To feel joy that Wizard is gone, it’s petty and mostly senseless, but so what? We’re human, and often our emotions don’t make logical sense. To me, and to my others, Wizard will be forever linked to all the crap that happened in the 1990s. The early Image style drove me away from the hobby for a few years, so this isn’t something that I can be completely logical about.

It’s a little like discovering that the guy that stole your girlfriend 10 years ago has just been fired from his job. You and he are both dating different people now, but it’s only human to feel a little schadenfreude. It’s not mature, and it’s not nice, I agree.

“We see this a lot, like stuff like this is a zero sum game. “If book/magazine I don’t like gets canceled, then that is a net positive for me,” when it really is not – it does not affect you at all.”

Are you so sure, Brian?

It’s not exactly a zero sum game, but the cancellation of something you don’t like may indicate a shift in pop culture in a direction you find more in tune with your tastes, and so it can be a good thing. Of course, this is not the case with WIZARD, since it wasn’t really representative of anything any longer.

to me and to MANY others, I meant

Being that Wizard was the only place to get comics news for me back when I was a teen, I loved the magazine. Sijo and I share the exact same sentiments. It was fun, a bit below the belt and oddball sure, but it was a niche they catered to very well. Sure, there were places for erudite, well thought out and verbose discourse on comic books, but if you wanted to just have fun with the hobby? Wizard was it.

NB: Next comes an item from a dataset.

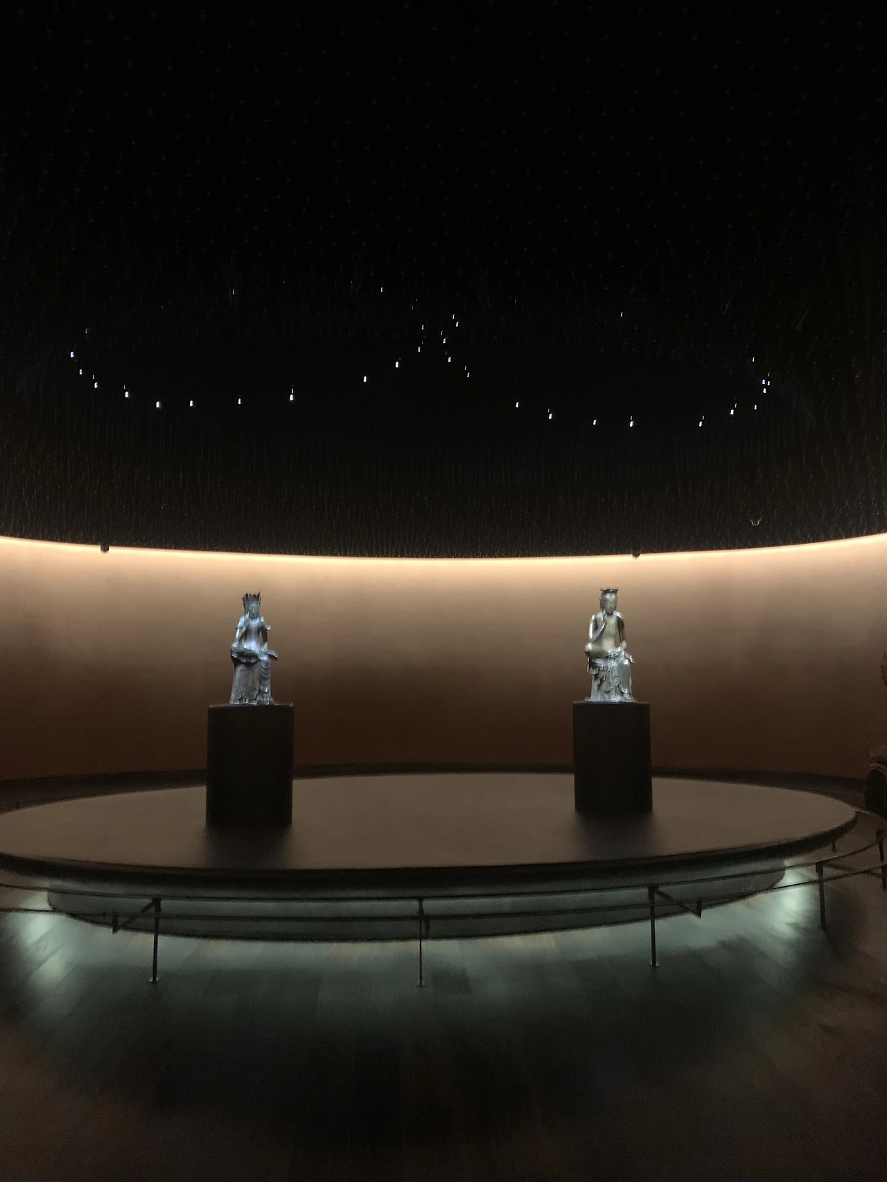들어가자마자 보이는 우아한 대리석마감의 넓은 홀. 하도 여러 번 오다 보니 전시된 유물은 다 봤고, 설명 읽어봤고, 사진 찍어 놓은 것도 있어서 급한 것 없던 나는 유유히 걸어 들어가고 있었는데, 오른편에 못 보던 전시실이 있었다. 디지털 실감 영상관. 음. 디지털. 괜찮을까. 그 직전에 갔었던 대영박물관에서도 스톤헨지에 대한 디지털영상을 상영하는 특별전을 했는데, 웅장한 스톤헨지를 큰 스크린으로 보여주는 것은 좋았지만 TV에서 보는 일반 다큐멘터리와 크게 다르지 않았고, 대만의 국립고궁박물원에도 중국의 유명한 회화 속을 날아가는 실감영상을 보여준 적 있었는데 약간 지루했달까. 어디서 견학을 왔는지 아이들의 와글와글 하는 소리가 밖에까지 들려 살짝 망설여졌으나, 국립중앙박물관은 어떻게 실감영상을 만들었나 한 번 들어가 봤다.

But then, Wizard was dead to me when they switched to the thinner magazine format, so I was in mourning long before this news came along. :)

Didn’t know how to feel about this. Times were I hated Wizard, times were I liked Wizard. Read all about how terrible Gareb is but never met him. Guess I’m just sad Wizard didn’t stay something I liked. Fun to read all the columns by people who used to work there.

Don’t tell me what to think, fascist!

Can’t say I’ll miss it (found it to be, even when reading it actively, a mag that tried to dictate the market). However, without it and Toyfare, we’d never have Robot Chicken, so I’ll give them that.

Sorry to disagree, but if it is not a zero-sum game, it isn’t too far way from it either.

Wizard carried considerable weight as a mover and shaker back in the day, and it was fairly superficial while at that. It is legitimate to hope for some degree of change for the better now.

Smokescreen: I didn’t know that Robot Chicken came from ToyFare! Googled them and found a Robot Chicken writer talking about it — http://dougistyping.wordpress.com/
I can’t believe I didn’t know!

A former coworker and colleague of mine was just let go from Wizard/Toyfare and the way they treated those employees who were fired this week was completely shameless.

My sole reason for buying Toyfare well into the 2000’s was because of Twisted Mego Theater, which then became Twisted Toyfare Theater. When I first saw Robot Chicken and saw Tom Root’s name attached, I put it together (especially when an early sketch was a Real World Justice League thing).

And because Root and the original crew left to do Robot Chicken, the feature became incredibly unfunny. Hence my personal exit from Toyfare.

I still pull out the strips every once and a while and they hold up very well. The “Doom conquering the Mexican knock-off universe” strip is still brilliant and possibly the best strip they ever did (titled “Viva Mego”).